HIPAA Explainer Series: HIPAA Compliance Q&A (Part 3)

Welcome back to our HIPAA Q&A series, where you can get answers to your most pertinent HIPAA questions. Our goal is to simplify HIPAA for your organization and and make it painless to get the information you need to protect privacy and meet compliance regulations.

This series evolved from questions we received in a recent webinar of ours, HIPAA Compliance Essentials, Simplified.

If you’re new to the series, you might want to visit Part 1 and Part 2. If you’re already up to speed, let’s dive right in.

Q1: How serious is the violation of healthcare workers using their security access at the workplace to look at their own medical records at the facility?

I think there are two pertinent questions to ask regarding this:

Is it a security incident? It likely should certainly be considered a security incident and the incident reporting and response procedures should be followed. Although individuals have well defined rights to access their PHI, there are processes that should be followed to exercise those rights. An employee should follow the same procedures as patients to request access to their PHI.

Is it sanctionable? As long as Sanction policies are followed, this would be left to the discretion of the Security Officer or Administrator. A Sanction policy might prescribe certain actions for certain types of infractions. If so, sanctions should be imposed consistent with the policy. My view is that if an employee was acting in Good Faith, without malicious intent, and it was a first time offense, provide re-training to the employee and remind them of their obligations under your policies. But I, personally, would not sanction them.

Q2: Is there a way for us to know if our company has any HIPAA complaints filed?

Not that I am aware of. You likely won’t know about it until you receive notice from OCR.

Q3: How does an investigation work?

An investigation begins as you would expect: Your organization will receive a letter from OCR describing the complaint and asking for a response. You should always contact an attorney at this point who has expertise in HIPAA compliance matters. The majority of complaints are resolved voluntarily with corrective actions and training.

Q4: Is there a correlation between the rise in complaints and how televised the potential rewards for a lawsuit? Wouldn't a person be somewhat incentivized to claim a violation on the off chance there might have been one?

The changes to the enforcement rules under HITECH were definitely aligned to incentivize enforcement actions. I suspect that a complaint that was “fishing for violations” wouldn’t go anywhere. A complaint must allege that a person’s rights were violated or that the covered entity otherwise violated the rules. In either case, a complaint would likely need some “specificity” as to the nature of the violation in order to garner the attention of OCR.

Q5: If a company laptop is lost/stolen is it considered a breach/violation if the EMR is password protected and info cannot be accessed? Does this breach need to be reported?

You would need to follow you Breach Notification protocols but if there were records on the laptop and the data was not encrypted, then it is most likely a breach that would need to be reported. It’s quite easy to access “clear-text” records on a computer even when a computer or application is password protected.

Q6: When is the annual report of breach(es) due, say for a given calendar year?

No later than 60 days to the end of the calendar year in which the breach was discovered. However, a covered entity may report such breaches at the time they are discovered. Each breach incident requires a separate notice although they may all be reported on the same date.

Q7: If you do not have breaches to report, is it necessary to file the annual report?

No.

Q8: Is a medical record sent from one provider to a wrong provider considered a reportable disclosure or is it considered "incidental" as the wrong provider is also a covered entity?

It’s unlikely to be considered incidental. It would most likely fall under one of the three exceptions for an inadvertent disclosure.

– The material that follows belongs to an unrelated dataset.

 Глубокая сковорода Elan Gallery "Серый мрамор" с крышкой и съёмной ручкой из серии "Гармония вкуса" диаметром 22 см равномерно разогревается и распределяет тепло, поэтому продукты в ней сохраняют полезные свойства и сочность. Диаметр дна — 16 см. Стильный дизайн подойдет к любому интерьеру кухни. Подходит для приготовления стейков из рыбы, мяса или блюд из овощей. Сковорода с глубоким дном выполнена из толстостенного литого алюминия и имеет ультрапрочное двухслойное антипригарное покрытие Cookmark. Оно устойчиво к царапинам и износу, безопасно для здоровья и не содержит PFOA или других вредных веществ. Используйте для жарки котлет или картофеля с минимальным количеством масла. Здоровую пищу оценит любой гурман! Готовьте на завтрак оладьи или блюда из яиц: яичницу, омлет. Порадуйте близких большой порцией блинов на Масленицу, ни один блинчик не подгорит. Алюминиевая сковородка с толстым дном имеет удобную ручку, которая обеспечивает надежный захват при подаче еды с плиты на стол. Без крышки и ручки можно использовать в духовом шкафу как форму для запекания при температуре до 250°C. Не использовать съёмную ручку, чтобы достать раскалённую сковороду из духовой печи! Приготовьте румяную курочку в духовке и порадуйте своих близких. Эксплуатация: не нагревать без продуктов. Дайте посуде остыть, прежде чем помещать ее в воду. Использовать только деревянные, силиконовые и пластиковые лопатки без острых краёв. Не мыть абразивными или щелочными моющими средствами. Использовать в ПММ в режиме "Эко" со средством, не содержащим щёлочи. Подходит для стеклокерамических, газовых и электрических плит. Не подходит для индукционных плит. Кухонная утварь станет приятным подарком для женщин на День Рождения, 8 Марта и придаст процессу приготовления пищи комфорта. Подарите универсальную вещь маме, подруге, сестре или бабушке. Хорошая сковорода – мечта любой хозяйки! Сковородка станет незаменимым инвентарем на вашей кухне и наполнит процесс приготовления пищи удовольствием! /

Q9: If a patient who is a minor states to only to call him/her with results and we instead inform a legal guardian, can we be in trouble?

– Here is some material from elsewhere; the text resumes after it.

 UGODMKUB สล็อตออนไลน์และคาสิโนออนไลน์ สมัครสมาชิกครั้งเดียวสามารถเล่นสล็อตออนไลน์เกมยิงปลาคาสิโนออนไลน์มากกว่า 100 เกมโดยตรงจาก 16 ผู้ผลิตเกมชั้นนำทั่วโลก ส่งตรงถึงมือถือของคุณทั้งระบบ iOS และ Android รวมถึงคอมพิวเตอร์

No. In most, cases parents are considered to be the "personal representatives" of their unemancipated minor children if they have the right to make healthcare decisions for them. As personal representatives, parents generally have access to their children's protected health information. There are exceptions that may be invoked based on state law requirements or in cases where the health care provider believes it is not in the best interest of the child. For example, when there is a reasonable belief that the child has been or could be subjected to abuse.

Q10: Is a medical billing company a clearinghouse-covered entity or a vendor-business associate to a medical provider?

A billing company is contracted by a covered entity and billing services are considered a “covered service.” A billing company is a business associate.

Q11: What type of authorization does a school nurse need when requesting vaccines?

Release of vaccination records require a verbal consent but not a written authorization. However, even a verbal consent should be documented.

Q12: If we are a medical office, who is responsible for providing a Business Associate Agreement with a business associate vendor, such as an IT or billing company?

The covered entity is responsible for ensuring they have BAA’s in place with appropriate vendors.

Q13: What are your suggestions for dealing with a vendor who refuses to sign a BAA?

They may push back because the don’t believe they are a Business Associate. If you confirm that they are, and they either don’t believe you or refuse to sign otherwise, I would recommend that you terminate the agreement and find a more compliant vendor.